▶ [What you should do]
Restate the listing below line for line and word for word, without the pictures.

▶ [Raw data]
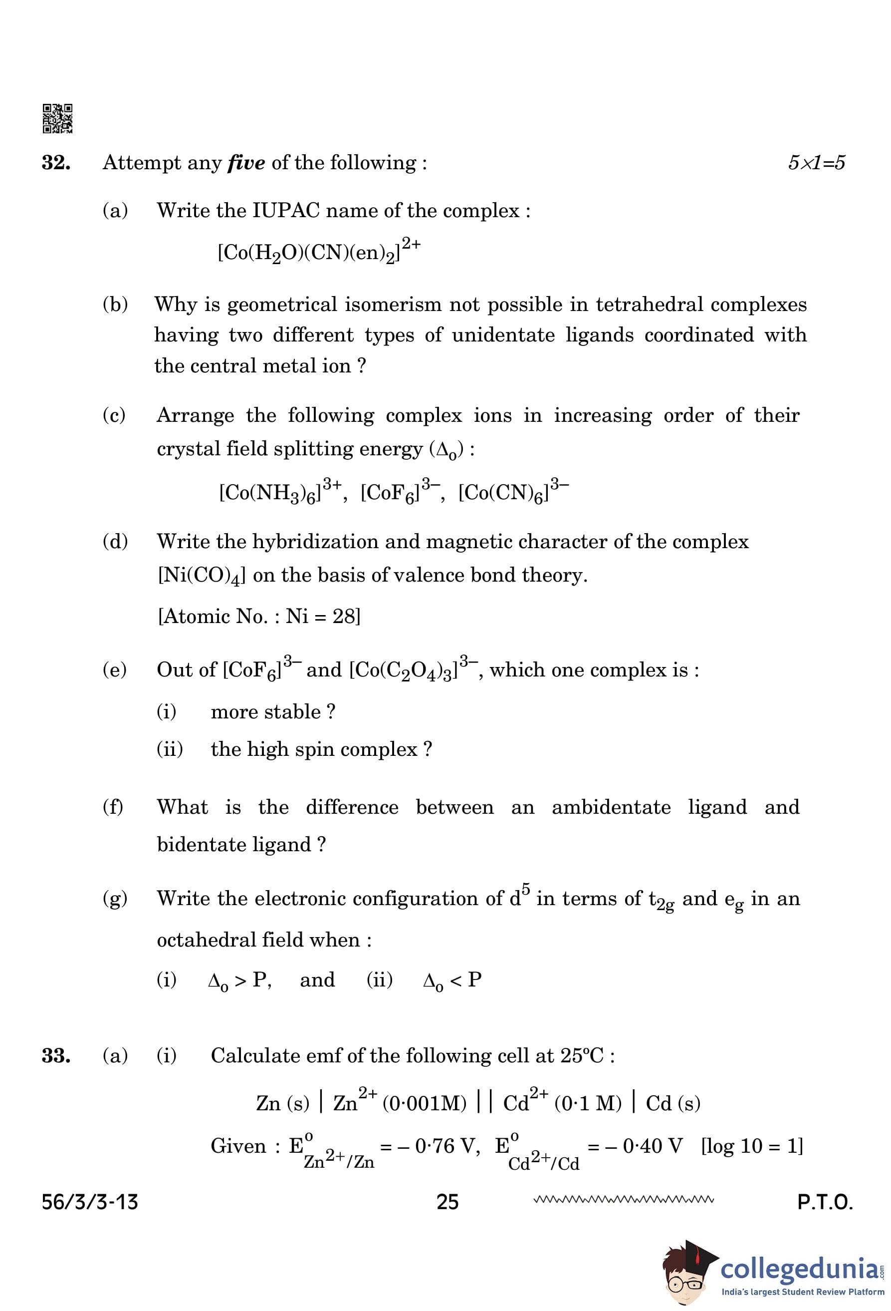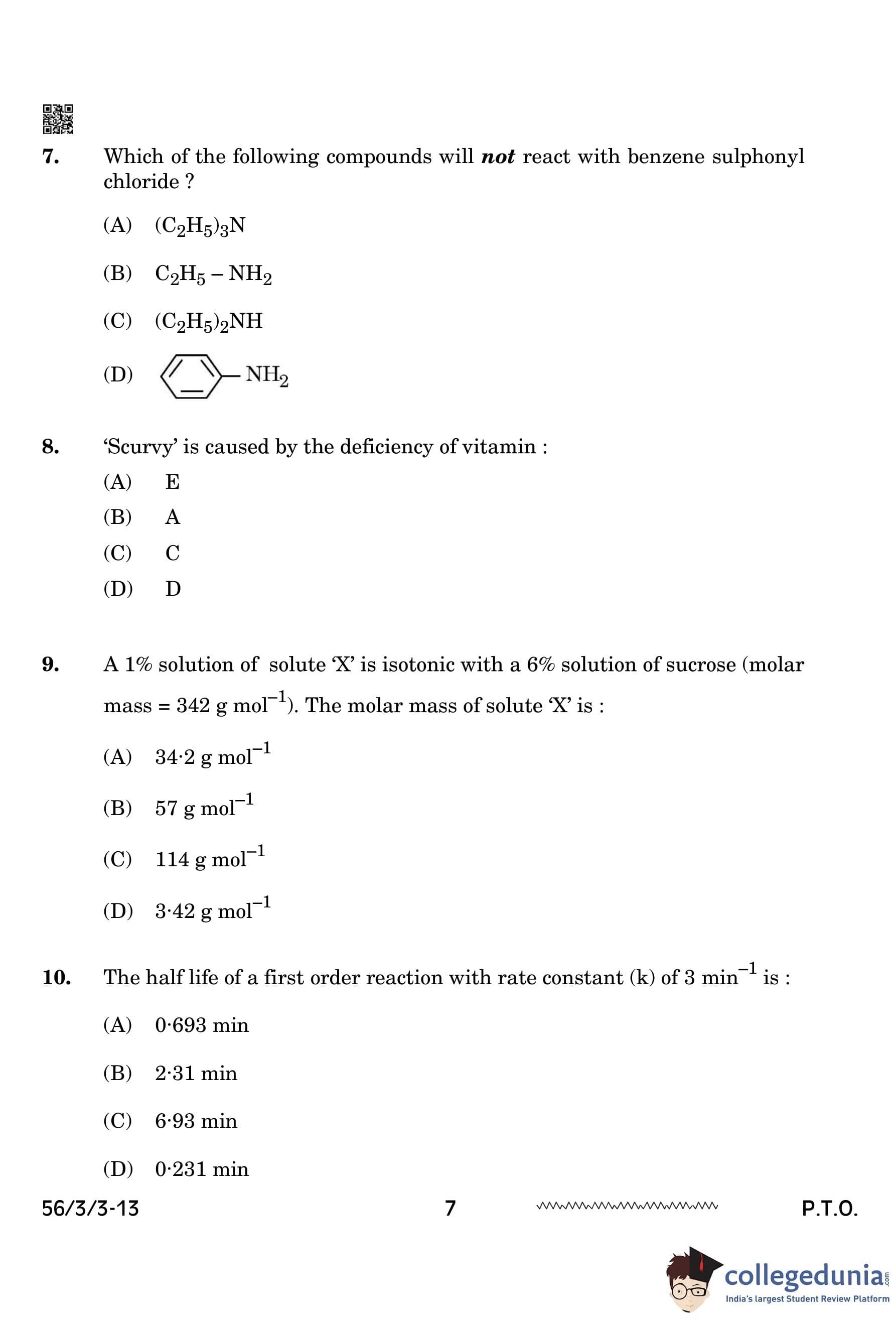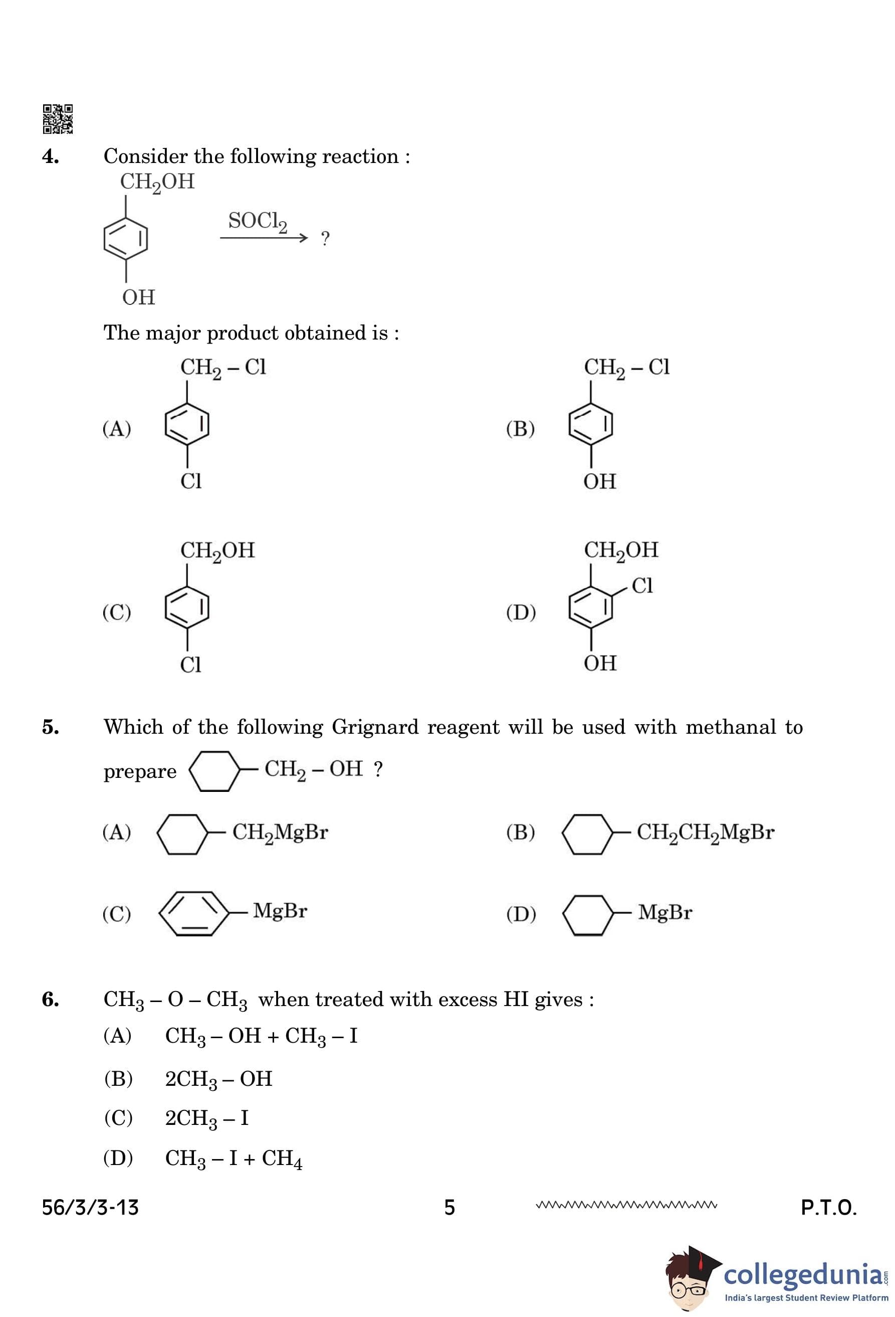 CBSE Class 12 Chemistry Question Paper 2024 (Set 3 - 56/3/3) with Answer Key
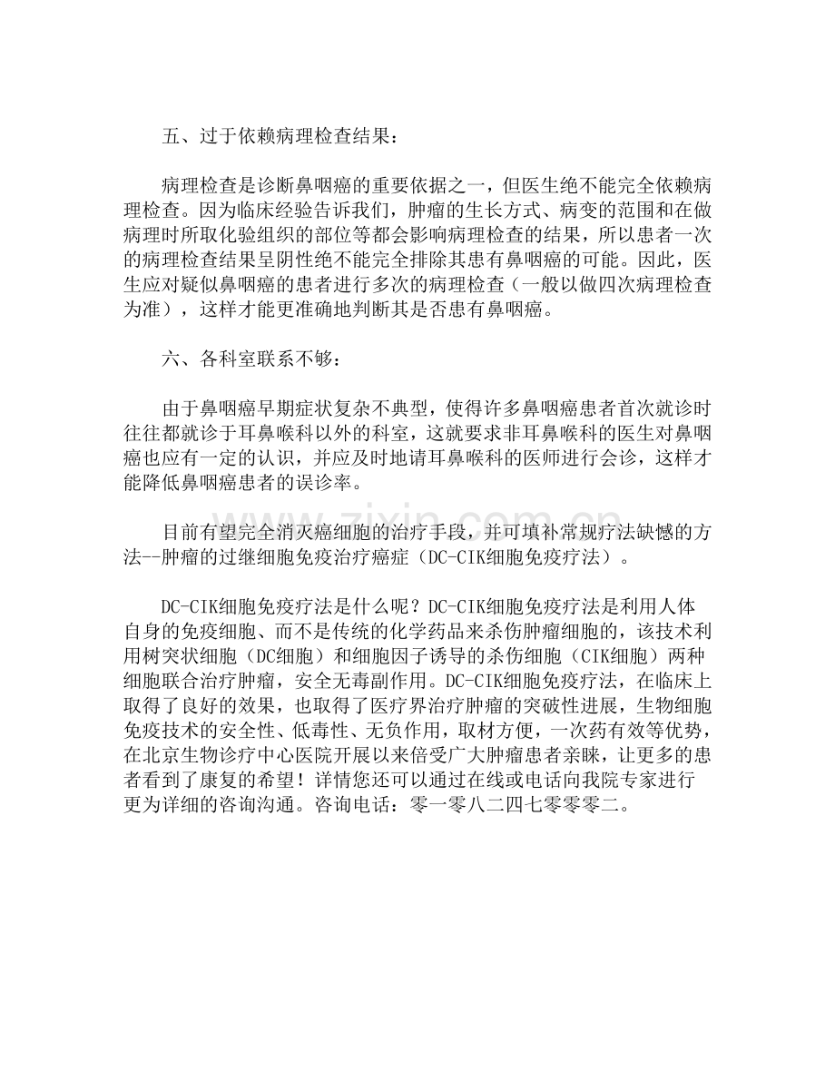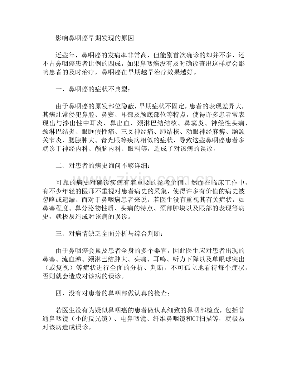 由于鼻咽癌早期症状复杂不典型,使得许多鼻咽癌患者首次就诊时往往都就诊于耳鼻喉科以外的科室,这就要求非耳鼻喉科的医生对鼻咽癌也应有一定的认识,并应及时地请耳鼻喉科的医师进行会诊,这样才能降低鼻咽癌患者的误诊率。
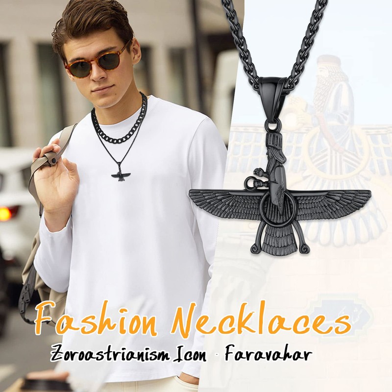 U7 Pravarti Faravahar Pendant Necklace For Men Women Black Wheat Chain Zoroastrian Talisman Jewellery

▶ [Reply]
 CBSE Class 12 Chemistry Question Paper 2024 (Set 3 - 56/3/3) with Answer Key
 由于鼻咽癌早期症状复杂不典型,使得许多鼻咽癌患者首次就诊时往往都就诊于耳鼻喉科以外的科室,这就要求非耳鼻喉科的医生对鼻咽癌也应有一定的认识,并应及时地请耳鼻喉科的医师进行会诊,这样才能降低鼻咽癌患者的误诊率。
 U7 Pravarti Faravahar Pendant Necklace For Men Women Black Wheat Chain Zoroastrian Talisman Jewellery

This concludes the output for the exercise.